__WHAT YOU SHOULD DO__.
Everything from the line with "- Top your casserole" to the line with "白玛扎西在家中翻晒苹果干(3月26日摄)。" in the listing below, both lines included, needs to be copied exactly, apart from the pictures.

__RECORDS PROVIDED__.
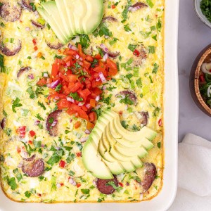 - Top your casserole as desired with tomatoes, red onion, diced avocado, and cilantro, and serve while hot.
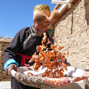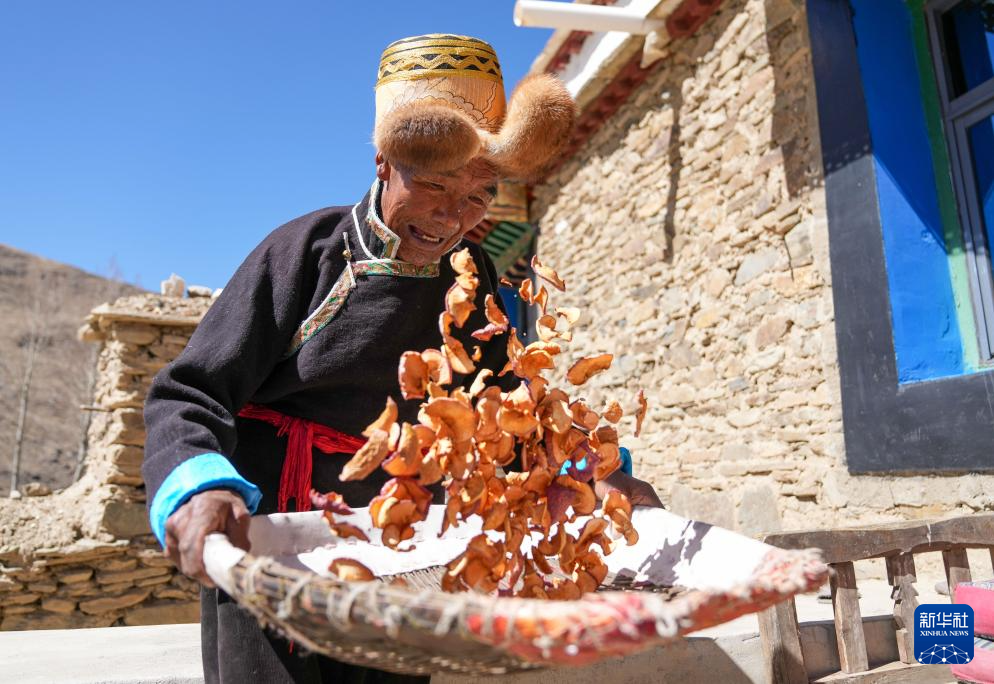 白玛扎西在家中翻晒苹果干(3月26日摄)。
==
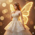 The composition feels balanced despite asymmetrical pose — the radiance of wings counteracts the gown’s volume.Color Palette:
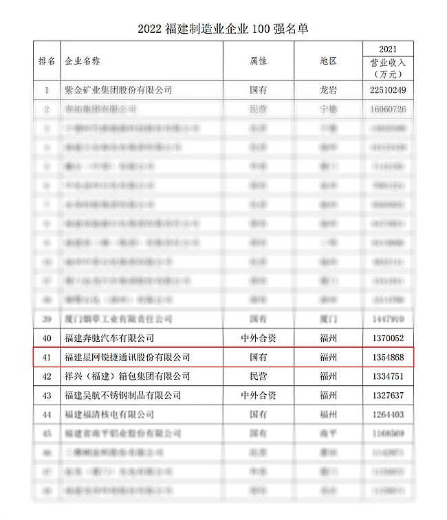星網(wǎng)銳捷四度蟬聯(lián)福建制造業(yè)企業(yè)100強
--
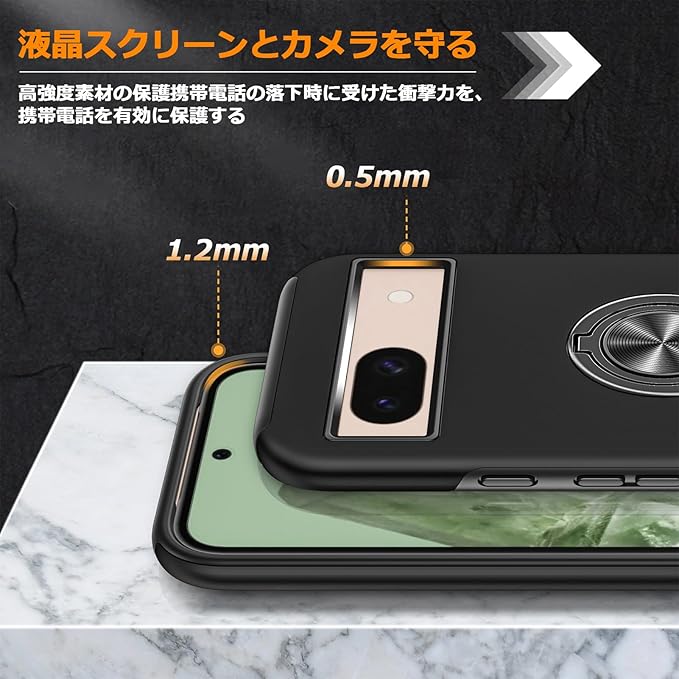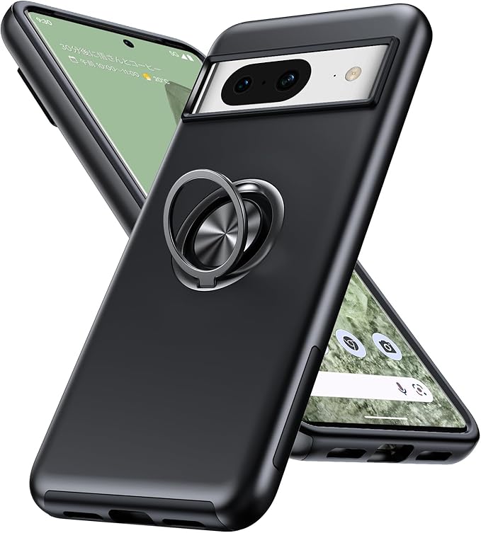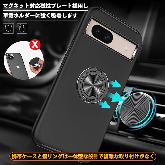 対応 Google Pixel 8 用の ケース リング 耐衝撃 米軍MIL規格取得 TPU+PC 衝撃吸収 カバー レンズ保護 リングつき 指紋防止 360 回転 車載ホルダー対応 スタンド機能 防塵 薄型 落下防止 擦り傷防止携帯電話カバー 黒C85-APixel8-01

__SOLUTION FOR THIS TASK__.
 - Top your casserole as desired with tomatoes, red onion, diced avocado, and cilantro, and serve while hot.
 白玛扎西在家中翻晒苹果干(3月26日摄)。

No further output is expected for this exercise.